Terser code is great but I am not putting that on pedestal; if longer code conveys intent better / is more explicit / helps onboarding then I am all for longer code.

I… don’t understand how is that not doable with Ecto.Multi and/or Repo.transaction as well. Can you help me understand?

EDIT: To avoid looking like a complete idiot here, let me state that I understand that Ecto.Multi mandates a pipe or Enum.reduce and because of that with is not applicable there. OK, that part is clear. But passing data (through the data struct itself) and branching inside Multi.run or after Repo.transaction, and handling errors, can be done just fine. Not sure about early exit though, it’s likely not doable when using Ecto.Multi indeed.

Yes, that is my own main argument against Ecto.Multi. I’ve been in several projects where we had to be extremely diligent – I was responsible for money flowing from the checkout + payment flows – and I did the job without mistakes but it was a rather soul-crushing experience to manually track all success and failure branches when using Ecto.Multi. But… I am still not sure how using the Repo.transact pattern – which hides error-handling to boot – is improving things beyond the code being shorter. Somebody somewhere has to handle the errors, right? The fact that we’re not handling them there is not ridding us of this obligation.
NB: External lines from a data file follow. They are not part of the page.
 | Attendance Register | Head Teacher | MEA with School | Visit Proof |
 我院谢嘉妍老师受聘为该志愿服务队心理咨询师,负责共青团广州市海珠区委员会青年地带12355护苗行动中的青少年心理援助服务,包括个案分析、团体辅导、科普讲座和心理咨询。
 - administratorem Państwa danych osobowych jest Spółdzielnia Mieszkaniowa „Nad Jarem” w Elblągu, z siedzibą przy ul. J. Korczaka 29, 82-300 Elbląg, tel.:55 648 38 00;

Am I missing something?

Can you please give an example on how this pattern improves error handling? I think I am having a huge derp moment because I still don’t get it and need actual examples.
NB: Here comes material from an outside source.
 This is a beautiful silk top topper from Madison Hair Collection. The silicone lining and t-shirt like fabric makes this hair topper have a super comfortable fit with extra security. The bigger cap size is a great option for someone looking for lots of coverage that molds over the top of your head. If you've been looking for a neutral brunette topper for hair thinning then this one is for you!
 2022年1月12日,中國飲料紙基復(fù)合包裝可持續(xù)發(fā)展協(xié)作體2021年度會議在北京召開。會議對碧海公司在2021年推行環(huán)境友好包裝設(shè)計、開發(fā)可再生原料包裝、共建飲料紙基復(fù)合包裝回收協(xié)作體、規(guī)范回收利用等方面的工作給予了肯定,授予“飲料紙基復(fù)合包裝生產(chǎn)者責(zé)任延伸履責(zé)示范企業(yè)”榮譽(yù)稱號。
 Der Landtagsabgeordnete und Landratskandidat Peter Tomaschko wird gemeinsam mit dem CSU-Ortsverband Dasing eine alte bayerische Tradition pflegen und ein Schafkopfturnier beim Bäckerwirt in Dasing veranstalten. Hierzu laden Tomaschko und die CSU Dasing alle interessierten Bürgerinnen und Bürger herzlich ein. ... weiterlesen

Same, to me transact somehow does not sound right.

I very much agree with this and I have most often used Ecto.Multi exactly when I needed dynamism (also similar to what @sasajuric alluded to in his comment above).
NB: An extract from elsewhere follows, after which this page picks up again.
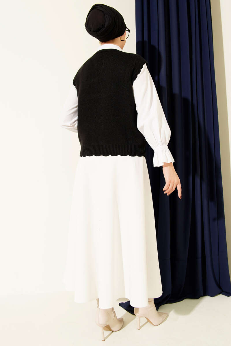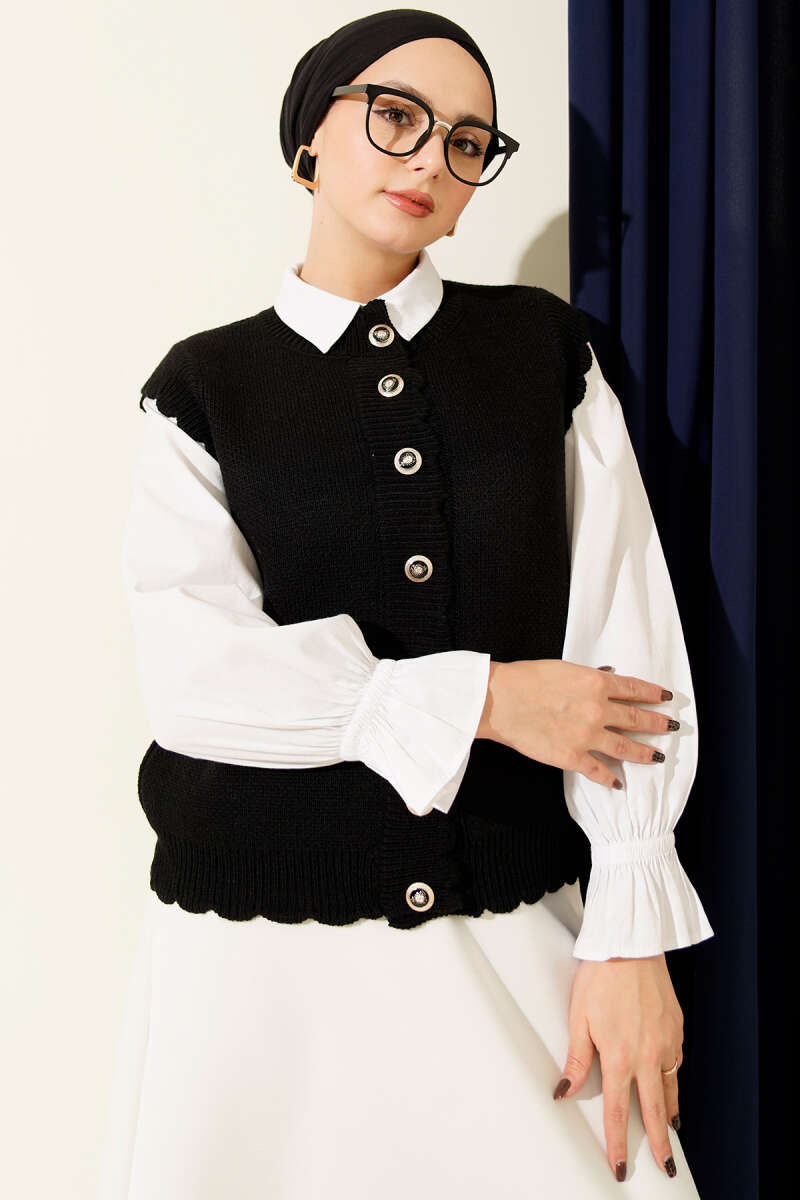 Fırfır Detaylı Düğmeli Triko Yelek Siyah
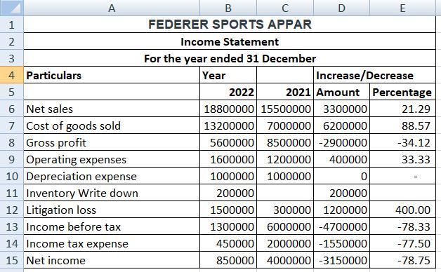 The Preparation of horizontal analysis for 2022 using 2021 as the base year is prepared with the help of a spreadsheet.

…Ohhhh, that is starting to make sense to me now.

Not to be a rebel and go against everyone else here but – yes, this is how I feel about it as well.

Well the linked blog post shows you one scenario that to me looks like the the Saga pattern and not a direct replacement to Ecto.Multi. Repo.transact seems like a potential replacement for Ecto.Multi but it’s also its own thing that’s not directly orthogonal to it. But I am still a bit confused and I’d love it if the others chime in again with some examples so the benefits can truly click for me.

(@AstonJ I see that you changed the type of post to a Question; FYI I don’t feel that I should mark any comment as an accepted answer and truly intended this to be a discussion because there’s no singular right or wrong answer on this topic, I think. Hope that is OK.)

sasajuric · February 20, 2024, 9:16am

Yeah, this is the gist of Repo.transact. It just uses ok/error for commit/rollback instead of throwing exceptions. As a result, the code in the provided lambda can be expressed as a with chain, as demonstrated in the blog post. Let’s take a look at a slightly modified version of the blog post:

with {:ok, user} <- Repo.insert(user_data),
     {:ok, _log} <- Repo.insert(%LogData{user_id: user.id, ...}),
     ...,
     do: {:ok, user}

This is an equivalent of the blog sketch, but with wrapper functions removed, to make things more obvious.

To make this sequence transactional, all you have to do is place Repo.transact(fn -> ... end) around it. In other words, you can use vanilla Elixir to express the logical flow of the operation.

In contrast, Multi uses a custom mechanism of operation chaining. We do something like:

Multi.new()
|> Multi.insert(:user, user_changeset)
|> Multi.insert(:log, fn %{user: user} -> %LogData{user_id: user.id, ...} end)
|> ...

The fact that the 2nd insert is performed only if the 1st one succeeds is now not so obvious. It is a custom special behaviour of the library code (presumably handled by Repo.transaction).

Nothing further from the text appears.